C/C++: Five Things I Hate About You


Jeff Attwood said recently in a StackOverflow podcast that if you can’t think of five things you hate about your favourite programming language, then you don’t know it well enough. I started writing C code in about 1988 and C++ in about 1992, so I think I can say I’m familiar with them. I know that C and C++ are different languages, but there’s enough overlap that I’m going to group them together. Here are five things I hate about C and C++.
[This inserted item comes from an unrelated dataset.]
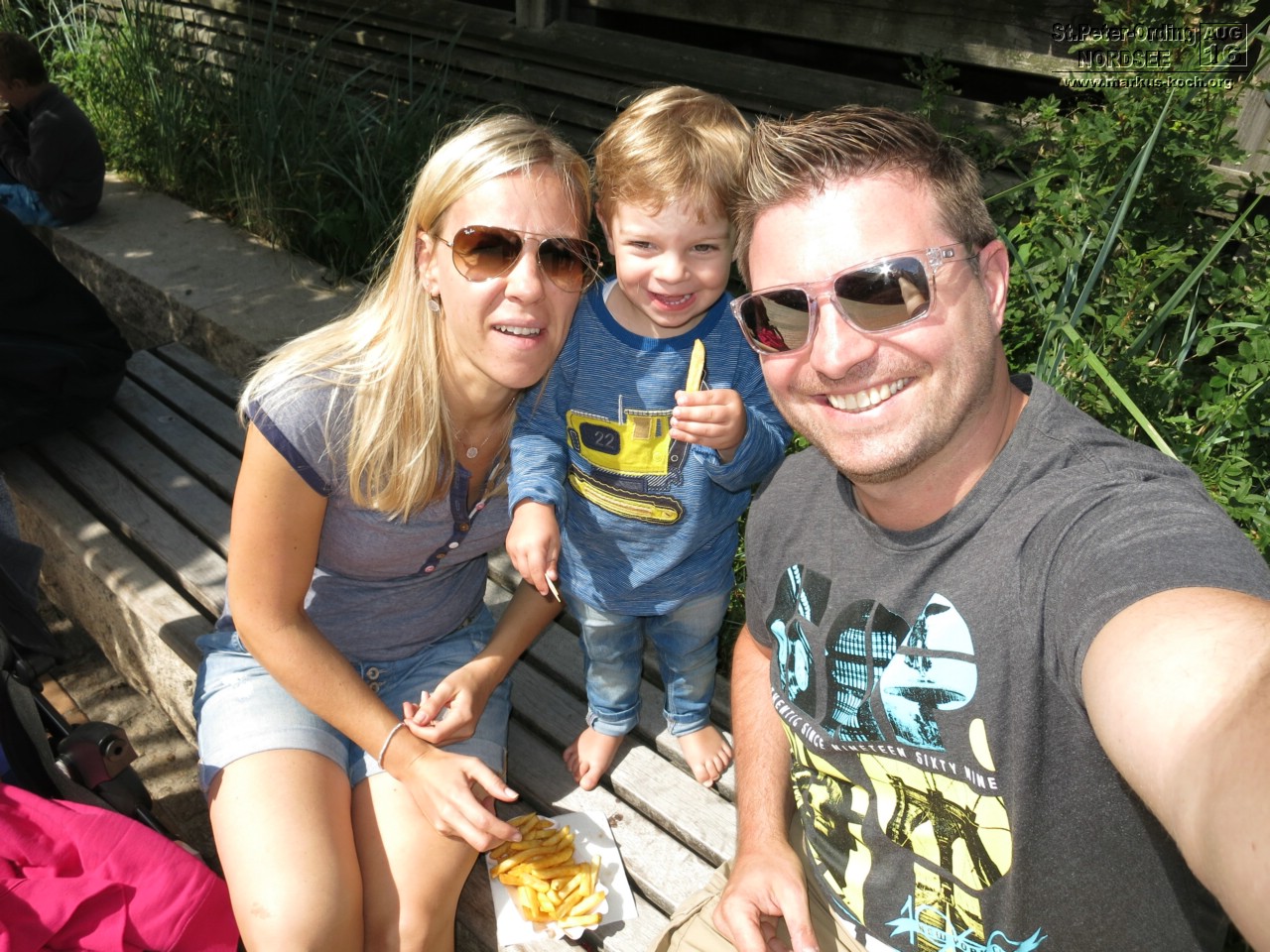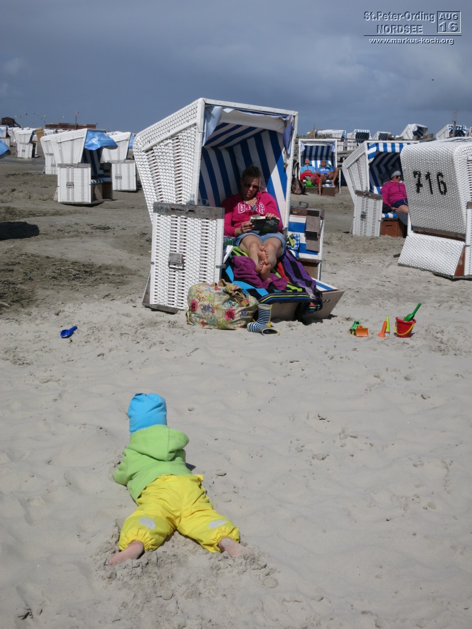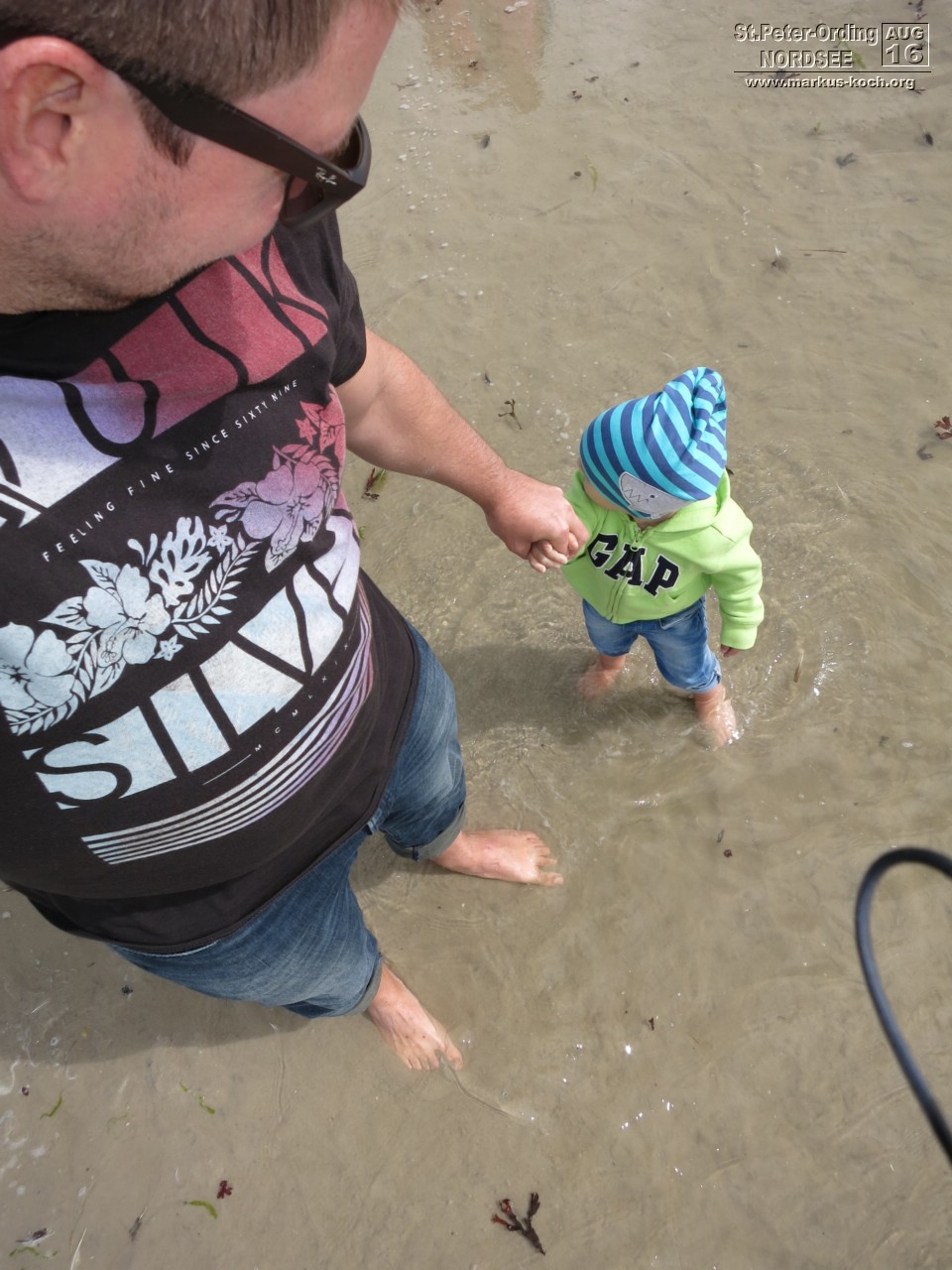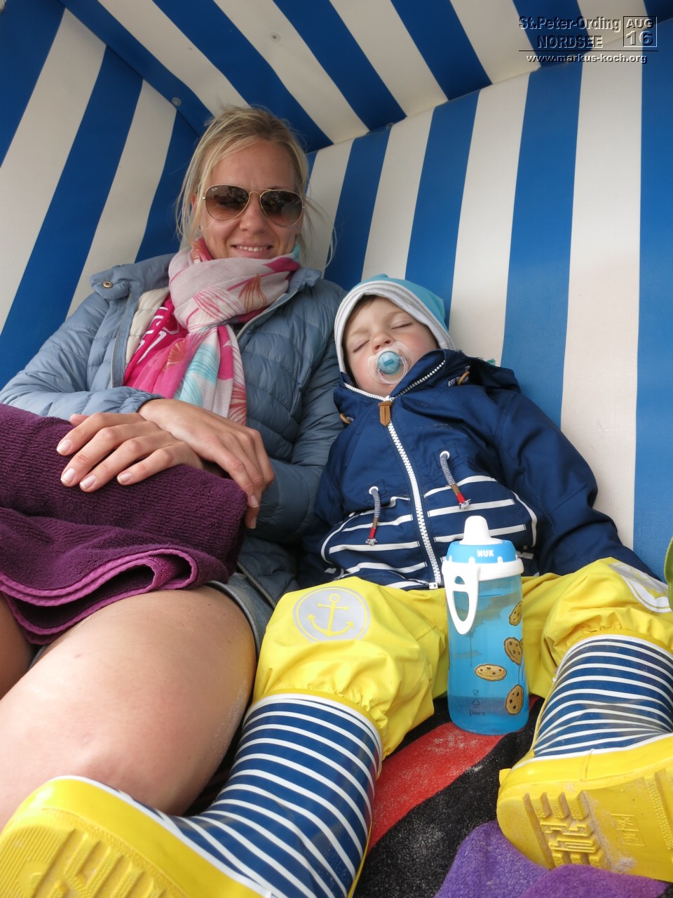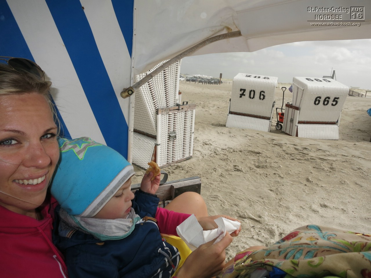 Unser Auto parkten wir direkt am Strand – das ist meines Wissens nur in SPO möglich. Ein paar Meter weiter suchten wir uns einen Strandkorb, welcher recht hoch stand und wo noch Sand für Luca zum Spielen vorhanden war. Kam ein kurzer Regenschauer verkrochen wir uns im Strandkorb. Luca gefiel auch ein Gang im Watt sehr gut. Er hatte – wie so oft – seinen Spaß 🙂

  1. Lack of portability. Pure C or C++ code is generally portable, but we continually run into thing like “standard” libraries that aren’t standard. Libraries for things like file I/O and threading can be vastly different on different platforms so if your application has to run on multiple platforms, you have to write the same code several times in slightly different ways. There are functions that are defined in a different header file on one platform than another. Preprocessor macros that have a leading underscore on one platform and not on another. There are functions that exist on one platform that don’t exist – or work differently – on another. The C language has been around almost forty years, and we still have to have #defines in our code to cover stricmp on one platform and strcasecmp on another. We don’t use exceptions in our code because different compilers deal with them differently, and we just started using templates because all the compilers we use finally support them in a similar enough way that they’re usable. I suppose technically these are problems with the implementations rather than the language itself.
  2. Undetectable number errors. How many times have you done x-- on an unsigned type only to find that you “decremented” it from 0 to 4294967295, and everything went haywire? Doing this is completely legal and the only way to prevent it is to manually check for 0 before you decrement, and make sure you do it in a thread-safe way. PITA.
  3. Lack of memory checking. If you allocate fifty bytes and then access fifty-one of them, that’s totally fine. Accessing that fifty-first byte may work, giving you random data, or it may crash. Writing that byte may work, overwriting some other variable and creating a terribly hard-to-find bug, or it may crash. Or even worse: it may overwrite some unused piece of memory, thus having no effect, most of the time (i.e. during development and testing) but then crash or overwrite memory occasionally (i.e. in customer deployments).
  4. Braces aren’t required for if statements. (and while statements, and for statements) This is just asking for trouble. I’ve trained myself to see and fix things like this:
    if( condition )
    statement 1;
    statement 2;
    statement 3;

    and some editors and IDEs will automatically re-indent, making the problem obvious, but you can still miss them sometimes. In my code, I almost always put braces anyway, except for the occasional thing like this:

    if( condition1 ) continue;
    if( condition2 ) break;

  5. Named structures and typedefs are different. This has confused me for years. You can have a structure with a name, and also typedef it to another name, or you can typedef a structure without a name. For example, all of these are legal:

    // defines a structure called myStruct. You have to type "struct myStruct"
    // to use it
    struct myStruct {
    int a;
    int b;
    };

    // also defines a structure called myStruct, but you can use "myStruct"
    // as a type now. Or you can continue using "struct myStruct". The two
    // names do not have to be the same.
    typedef struct myStruct {
    int a;
    int b;
    } myStruct;

    // No different from the second example
    typedef struct {
    int a;
    int b;
    } myStruct;

    The second and third examples are exactly the same, though I remember having to go through a bunch of code and change typedefs of the third type to have a name after struct because the debugger (CodeWarrior, if I remember correctly) didn’t understand them unless the struct had a name.